Curr Clim Change Rep ; 4(4): 383-395, 2018.
Artigo em Inglês | MEDLINE | ID: mdl-30931245

RESUMO

PURPOSE OF REVIEW: Dynamic manifestations of climate change, i.e. those related to circulation, are less well understood than are thermodynamic, or temperature-related aspects. However, this knowledge gap is narrowing. We review recent progress in understanding the causes of observed changes in polar tropospheric and stratospheric circulation, and in interpreting climate model projections of their future changes. RECENT FINDINGS: Trends in the annular modes reflect the influences of multiple drivers.
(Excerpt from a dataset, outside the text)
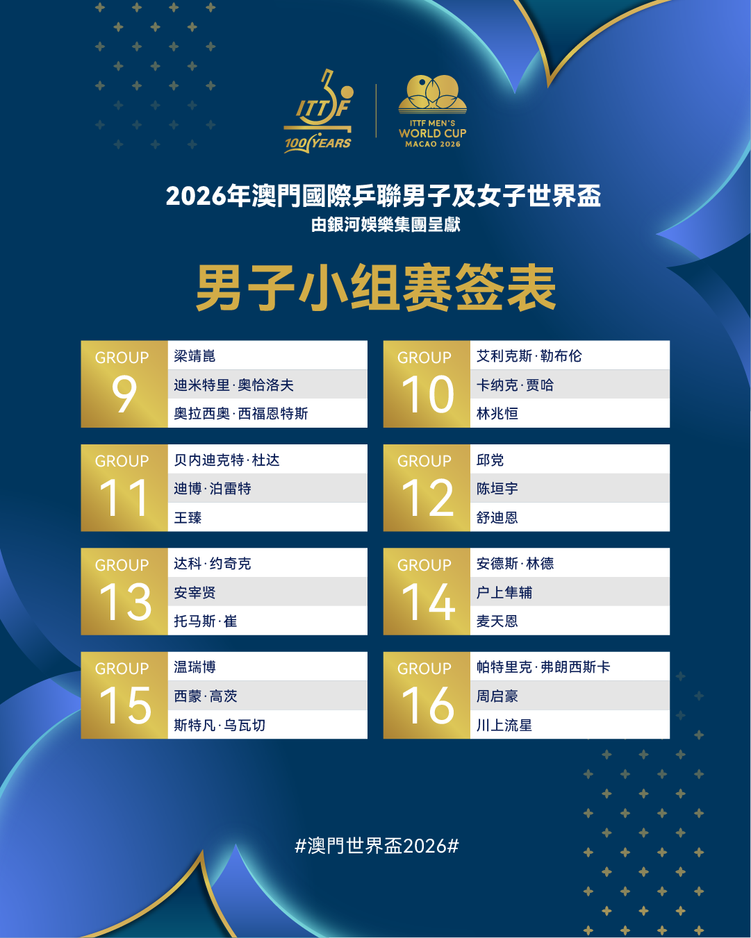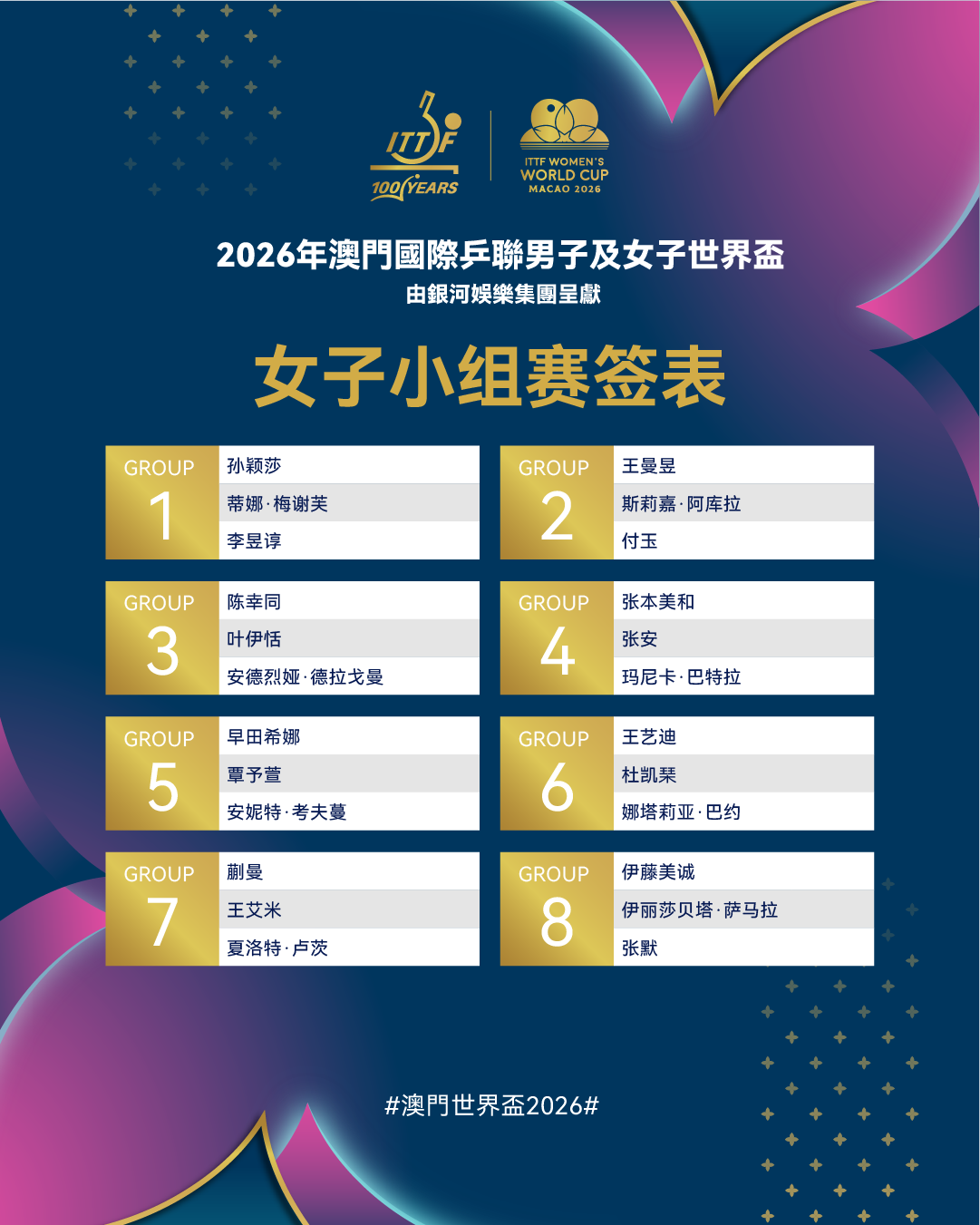 2026年澳门国际乒联男子及女子世界杯将于3月30日至4月5日在中国澳门银河综艺馆举行。届时,来自五大洲的男、女各48位顶尖运动员们将展开激烈角逐,本次赛事小组赛签表已出炉。
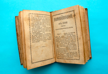 Kokshetau/Kazakhstan - February 17, 2020: Very Old opened Gospel in Old Slavonic language were published in 1915. Vintage damaged Holy Russian Christian book isolated on light blue background.

In the Northern Hemisphere, there appears to be a "tug-of-war" between the opposing effects of Arctic near-surface warming and tropical upper tropospheric warming, two predominant features of the atmospheric response to increasing greenhouse gases. Future trends in the Southern Hemisphere largely depend on the competing effects of stratospheric ozone recovery and increasing greenhouse gases. SUMMARY: Human influence on the Antarctic circulation is detectable in the strengthening of the stratospheric polar vortex and the poleward shift of the tropospheric westerly winds. Observed Arctic circulation changes cannot be confidently separated from internal atmospheric variability.

2.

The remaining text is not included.